Q1: Business Process Experiences:  You have experience with a lot of different processes across a large number of industries, markets and settings.  A couple observations common to each example:

  • Processes are almost always comprised of a number of steps – sometimes a lot of steps (depending on level of detail provided)
  • The steps are usually executed by different people and usually different functions within an organization.  It’s often the handoffs between people and organizations that cause problems and inefficiencies.

Q2: SOX Laws – are they sufficient reaction or overreaction?  Great discussion.   My view is that the laws & regulations have had an effect because there have been fewer major control failures like Enron, Worldcom, etc. in the past.   The laws have sharpened the accountability of top level executives and management.  However, organizations must spend lots of $$ and it’s a lot, lot of work to develop and maintain the control system and discipline necessary to execute them.

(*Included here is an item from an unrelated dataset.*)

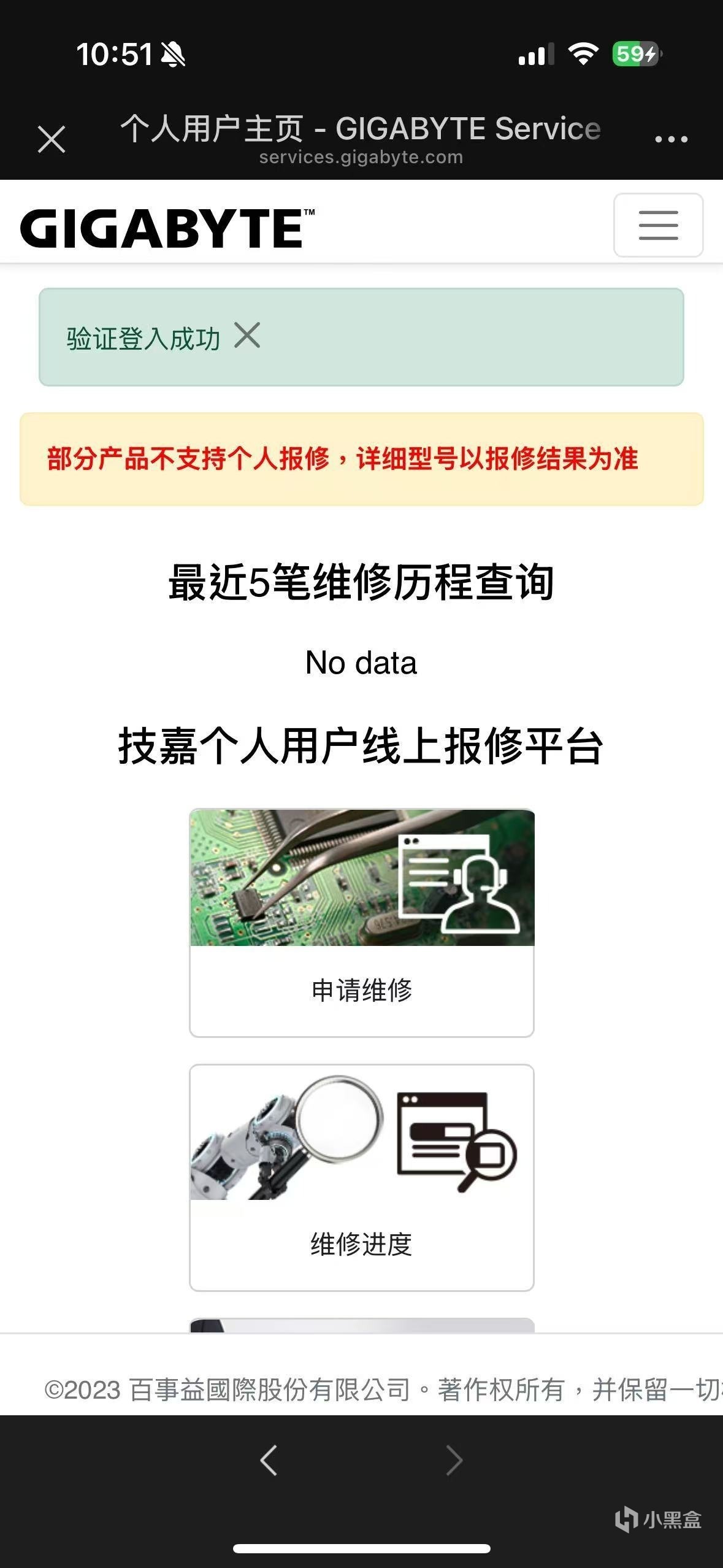 进入售后保修页面后,首先会需要先注册一下技嘉账号先,之前有注册的话可以直接登录,登陆后点“申请维修”。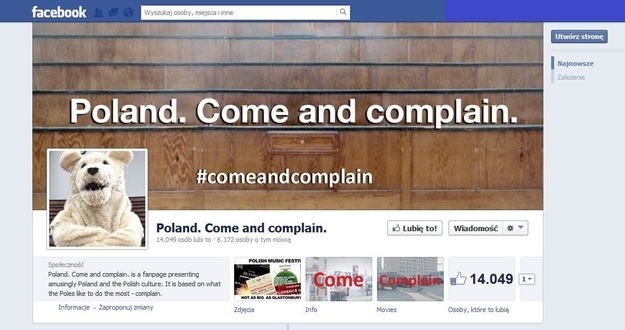 Fan page "Poland. Come and Complain" na Facebooku /Facebook /

Q3: Define a control environment:  Some great definitions – although I suspect internet search tools helped.  Couple of my comments related to the discussions:

  • The company culture and the tone set by senior management has a role in establishing a company’s control environment.  I’ll share a personal story from my experience about this in class.
  • The proper culture, tone and discipline necessary to support the control environment can’t just some from the top brass / executives.  It has to flow through to front line managers to be truly effective.  The challenge is how to maintain the alignment between senior management and front line managers.
  • We’ll learn more about this topic (in some detail) later in this class and your final exercise.

Q4: Differences between a compliance-driven vs. a profitability driven controls:  Both types of controls are important to the success of an organization.  Compliance controls are basic requirements for a company (necessary to operate legally) while profit controls support the ultimate goals and level of ‘success’ for a company.  Although the focus of compliance vs. profit controls is different, sometimes the same methods / means can be used to support both.

This coming week we will look more deeply at the Procure to Pay (P2P, PtP, Procurement process – I use the terms interchangeably) as well and the link between risks and financial assertions.